2.2.8 Cara penggunaan atau penyajian dan penyimpanan pangan

Suatu produk pangan akan dipengaruhi dengan cara penyimpanannya, karena akan mempengaruhi sifat dan mutu pada produk pangan tersebut. Cara penggunaan atau penyajian suatu produk pangan memiliki perhatian khusus karena harus mencantumkan cara penyiapan atau penggunaannya, begitu juga dengan cara penyimpanan produk pangan juga memiliki perhatian khusus sebelum digunakan karena harus sesuai dengan keadaan produk pangan tersebut, misalnya nugget harus disimpan pada tempat dingin atau beku (Badan POM, 2004).

2.2.9 Nilai gizi pangan

Nilai gizi yang dicantumkan pada label produk pangan yaitu nilai gizi makanan yang diperkaya, nilai gizi makanan diet, dan makanan lainnya yang ditentukan oleh Menteri Kesehatan yang mencakup dengan jumlah energi,

protein, lemak, karbohidrat, vitamin, dan mineral atau kadar komponen tertentu. Untuk makanan lain, pencantumannya sukarela (Siagian, 2002).

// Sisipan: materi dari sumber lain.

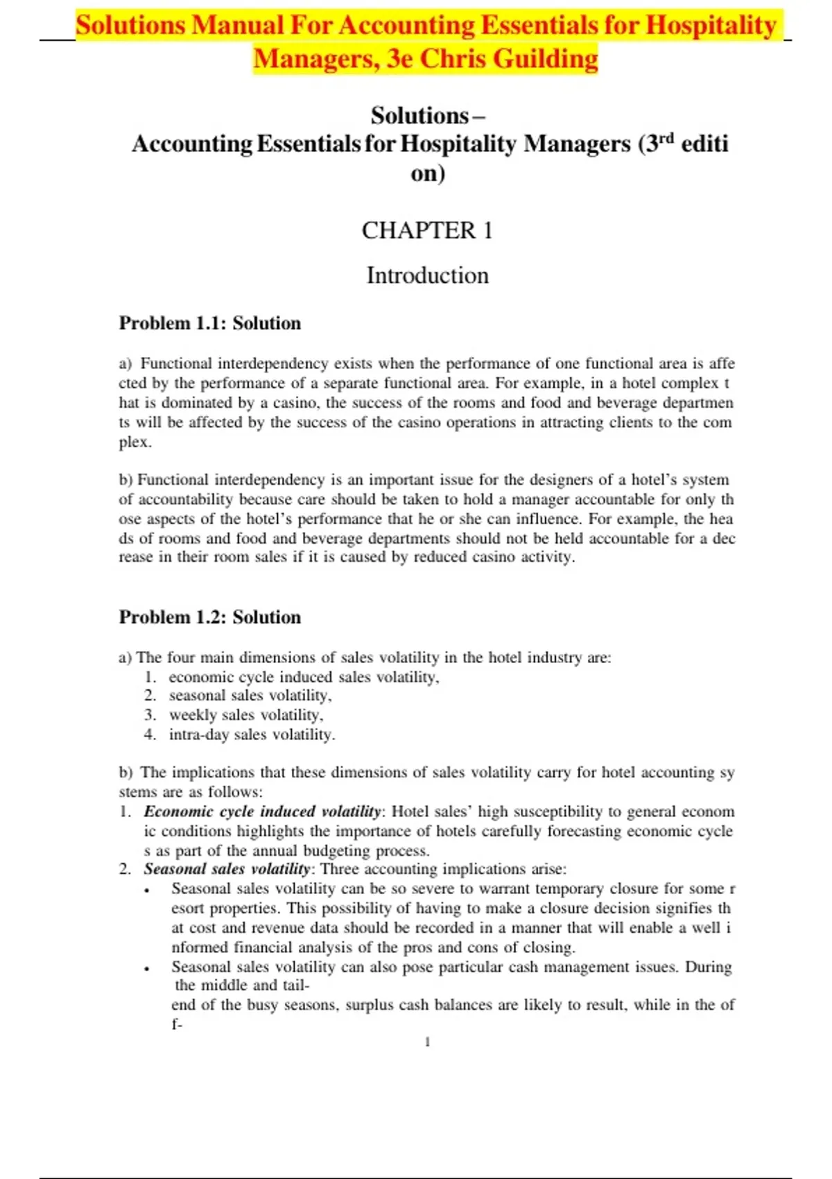 SOLUTION MANUAL FOR Accounting Essentials for Hospitality Managers 3rd Edition by Chris Guilding COMPLETE GUIDE WITH RATIONALES 100% VERIFIED A+ GRADE ASSURED!!!!!!NEW LATEST UPDATE!!!!!

2.2.10 Tulisan atau pernyataan khusus pada pangan

Menurut Siagian (2002) mengatakan, tulisan atau pernyataan khusus dicantumkan untuk makanan yang berbahan tertentu yaitu pada produk sebagai berikut:

a. Susu kental manis (perhatian, tidak cocok untuk bayi).

b. Makanan yang mengandung bahan yang berasal dari hewan, misalnya babi

(mengandung babi).

c. Makanan bayi.

d. Pemanis buatan.

e. Makanan dengan iradiasi ( radura) dan logo iradiasi.

f. Makanan halal (tulisan bahasa Indonesia atau Arab).